*** Exercise data Section Begins ***

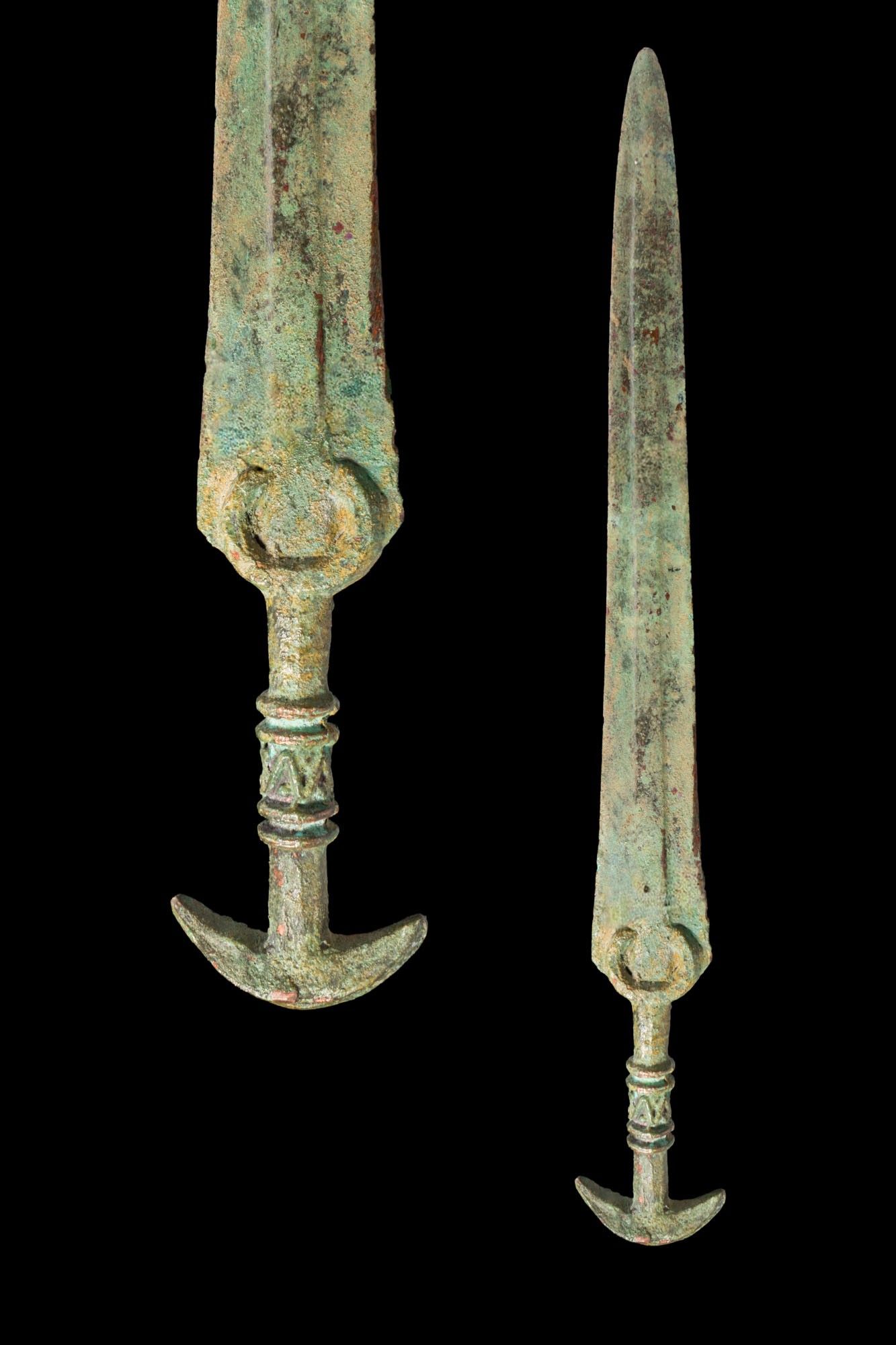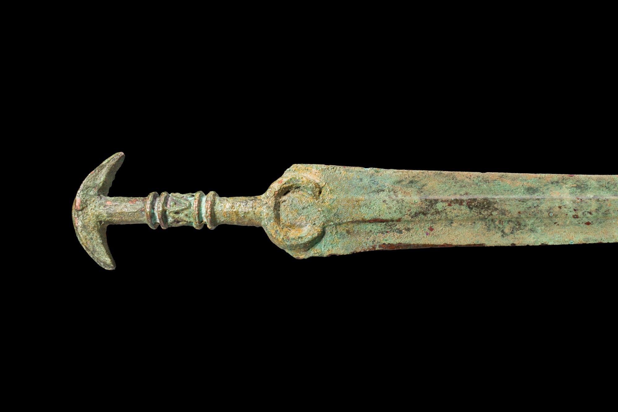GREEK PERIOD BRONZE SWORD WITH CRESCENT-SHAPED POMMEL.
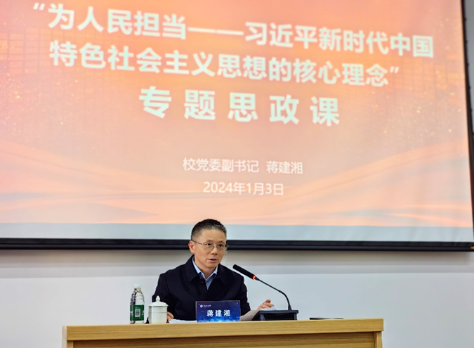 1月3日下午,校党委副书记蒋建湘在信息楼535为湘雅公共卫生学院和今年会jinnianhuicom师生讲授题为“为人民担当——习近平新时代中国特色社会主义思想的核心理念”的专题思政课。湘雅公共卫生学院党委书记雷先阳、副书记王超,今年会jinnianhuicom党委书记赵晓霞、副书记王新辉,辅导员、党员和学生代表参加学习。
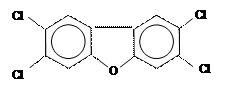 Структура 2,3,7,8-тетрахлордибензофурана (ТХДФ) также содержит два ароматических кольца, но связаны они одним кислородным мостиком:
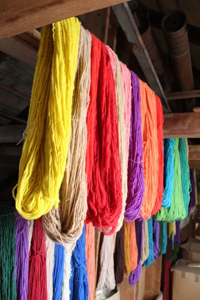 Métier à tisser. La laine est une matière noble qui peut être tissée, tricotée et utilisée en ameublement.
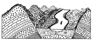 下降岩块(地堑)成谷地或低地(渭河平原、汾河谷地)。图示河谷处的地质构造为断裂下沉而形成的地堑,河谷沉积物的形成反映流水沉积作用。所以本题选择C选项。
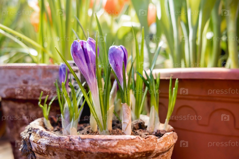 Цветы крокуса пробиваются сквозь землю в цветочном горшке. Выращивание цветов весной как антистрессовое хобби. Природный весенний фон
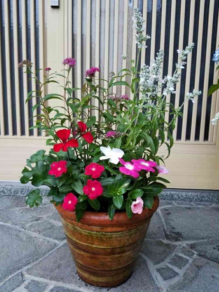 玄関,ニチニチソウ,ホワイトサルビアの投稿画像
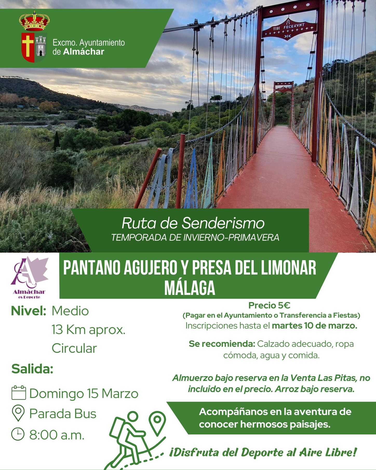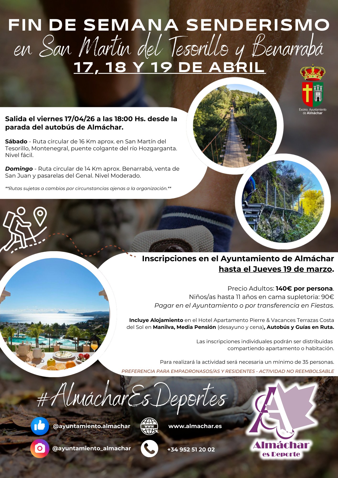 🌿🥾✨ ¡Llega la temporada perfecta para salir a la montaña y disfrutar! 🌞 Os dejamos las próximas actividades que hemos preparado desde el Ayuntamiento. Plazas limitadas y prioridad para empadronados/as 💪 ¡No lo dejéis para el final e inscribíos ya en el Ayto! 📝
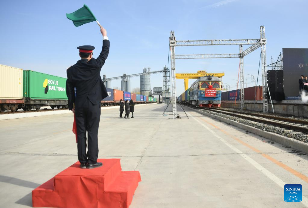 The freight train carrying goods such as construction materials, household electrical appliances and clothing departed from the logistic hub of Pinggu District in the northeast of the city and will exit the country via Manzhouli Port in north China's Inner Mongolia Autonomous Region.
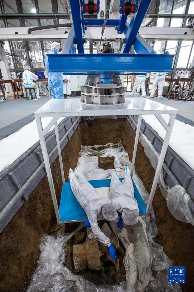 三星堆遗址发掘总领队、四川省文物考古研究院院长唐飞告诉记者,在这样的“考古舱”里开展发掘工作,不仅能控制发掘现场的温度、湿度,还能减少工作人员带入微生物、细菌等。
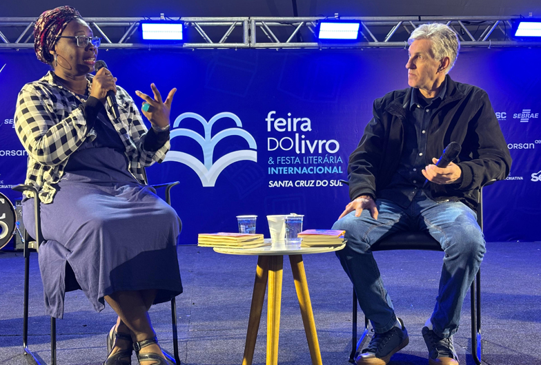 O palco principal da 35ª Feira do Livro e 1ª Festa Literária Internacional recebeu na noite de ontem a escritora cubana Teresa Cárdenas para um bate-papo mediado pelo jornalista Romar Beling, gestor de conteúdo multimídia da Gazeta Grupo de Comunicações. A autora compartilhou a sua história e refletiu sobre temas como a escravidão e o racismo, além de fazer uma fala honesta sobre a crise em Cuba.

*** Exercise data Section Ends ***

> **Task objective**
All lines from the one holding "玄関,ニチニチソウ,ホワイトサルビアの投稿画像" through the last line of the material above should be set down exactly, and the pictures should be left out.

> **Solution below**
 玄関,ニチニチソウ,ホワイトサルビアの投稿画像
 🌿🥾✨ ¡Llega la temporada perfecta para salir a la montaña y disfrutar! 🌞 Os dejamos las próximas actividades que hemos preparado desde el Ayuntamiento. Plazas limitadas y prioridad para empadronados/as 💪 ¡No lo dejéis para el final e inscribíos ya en el Ayto! 📝
 The freight train carrying goods such as construction materials, household electrical appliances and clothing departed from the logistic hub of Pinggu District in the northeast of the city and will exit the country via Manzhouli Port in north China's Inner Mongolia Autonomous Region.
 三星堆遗址发掘总领队、四川省文物考古研究院院长唐飞告诉记者,在这样的“考古舱”里开展发掘工作,不仅能控制发掘现场的温度、湿度,还能减少工作人员带入微生物、细菌等。
 O palco principal da 35ª Feira do Livro e 1ª Festa Literária Internacional recebeu na noite de ontem a escritora cubana Teresa Cárdenas para um bate-papo mediado pelo jornalista Romar Beling, gestor de conteúdo multimídia da Gazeta Grupo de Comunicações. A autora compartilhou a sua história e refletiu sobre temas como a escravidão e o racismo, além de fazer uma fala honesta sobre a crise em Cuba.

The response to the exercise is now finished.